ほとんどの生物は、環境への日々の変化を効率的に交渉を支援するために、内因性のタイムキーパーを持っています。このタイムキーパー、概日時計は、外部環境の予測可能な変化を先取りするために、生物の代謝および生理学の多くの側面を規制しています。 4 –例えば植物では、時間的に予測可能な病原体や草食動物の攻撃の期待が強く、全体的な感受性1を低減します。デンプン代謝はしっかりと長いまたは短日条件5で成長したかどうかを夜明けまで、最後のその澱粉の埋蔵量を確保するために、体内時計によって制御されています。確かに、24時間の環境ショーに一致する概日時計を持つ植物は、ミスマッチ期間6のクロックを実行している植物に比べて成長率、炭素固定率と生存率を増加させました。すべてのこれらのプロセスにおける概日リズムの広範な影響が最大のリズミカルなレギュレーションから三番目に大きく発生しますシロイヌナズナ7の全トランスクリプトームの。これらのリズミカルな遺伝子産物は、代謝経路、ホルモンシグナル伝達、およびストレス応答7を含む細胞プロセスの広い範囲に関与しています。その上で、タンパク質機能の直接の概日調節は、リン酸化8の概日調節およびおそらく他の翻訳後修飾(PTMを)によって確立されています。

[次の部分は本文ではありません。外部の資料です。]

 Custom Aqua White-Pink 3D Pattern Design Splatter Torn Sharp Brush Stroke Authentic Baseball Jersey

この毎日の転写再プログラミングを駆動する概日時計の中心に/翻訳フィードバックは朝発現遺伝子を含む(TTFLs)を、ループの転写のネットワークがある発現を抑制概日時計ASSOCIATED 1(CCA1)とLATE細長い胚軸(LHY)夕方の遺伝子のCAB 1(TOC1)のタイミング、GIGANTEA(GI)と夜の複合体(EC)のメンバーの、LUX不整脈(LUX)、早咲き3(ELF3)、およびELF4 9から11まで 。一緒にウィットH 疑似レスポンスレギュレーターの -genes(PRR3、5、7、および9)ECが正レギュレータ12として機能するのに対し、TOC1は CCA1 / LHYの発現を抑制する– 14。 TTFLネットワークコンポーネントの、フィードバック機構に追加の転写後及び翻訳後の調節は、チューニング概日リズムに重要な役割を果たしています。現在までに、概日時計タンパク質の同定された最も豊富なPTMは、リン酸化15です。カゼインキナーゼ2(CK2)によるCCA1のリン酸化は、そのは、プロモーター16と概日時計17の温度補償のために重要であるが標的への結合に影響します。 PRRタンパク質を差動概日周期の上にリン酸化され、TOC1のリン酸化は、その負の調節因子との相互作用に影響を及ぼしている、夜、段階的なクロック成分ZEITLUPE(ZTL)18。これらの例は示してどのように24時間へのPTMおよびタンパク質 – タンパク質相互作用のチューニングTTFLネットワーク転写発振器。転写クロック・ネットワークとその規制のより詳細な概要については、優れた最近のレビューは、( 例えば 、15を参照)が使用可能です。

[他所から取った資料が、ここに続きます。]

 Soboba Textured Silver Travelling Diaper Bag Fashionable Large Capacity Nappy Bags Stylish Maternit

しかし、どのようなそれほど明らか残っているのはリズミカルに戻って時計機構自体に細胞代謝フィードのプロセスや他の側面を規制する程度です。クロック欠陥のためのシロイヌナズナ変異体の大規模なスクリーニングはTTFLネットワークから24時間のリズムの生成に関与することができたメカニズムやシグナル伝達経路のさらなる理解を得ることができました。このため、Kimとサマーズは、以前に任意のシロイヌナズナライン19における時計機能の効率的かつ迅速な分析のためのブレークスルー方式を発表しました。プロトプラストにおける一過性発現の使用に基づいて、この方法は、安定したトランスジェニック系統の必要性を上回るまたは発光クロックマーカーラインに交差します。ここでは、高収量プロトプラストisolatioを可視化最適化されたプロトコルと組み合わせたn個の方法20は、96ウェルプレートリーダー中で一過性に発現クロックマーカーの蛍光イメージングによる概日欠陥をスクリーニングします。
我々は、変更された概日リズムを検出し、ここで正常に記載の方法を確認するために、十分に特徴づけクロック変異体に野生型Col- 0シロイヌナズナを比較します。 LUC 19:CCA1pro;これらの株由来のプロトプラストは、概日CCA1プロモーターからホタルルシフェラーゼを発現するレポーター構築物でトランスフェクトされています。ルシフェラーゼはルシフェリンを、これらのプロトプラストにおける転写リズムの周期、振幅及び位相を評価するために時間をかけて撮像される光21を出射する電子的に励起オキシルシフェリンに変換された多段階の反応を触媒します。
プロトコルは、三つの主要な部分で構成されています。レポータープラスミド、及び発光イムでプロトプラストをトランスフェクション、プロトプラストの単離エージング。これらの3つの部分が常に新たに調製した緩衝液および試薬を用いて、単一の日に行われるべきです。レポータープラスミドの十分な量の植物成長及び精製は、事前に行われるべきであり、このプロトコルで可視化されていません。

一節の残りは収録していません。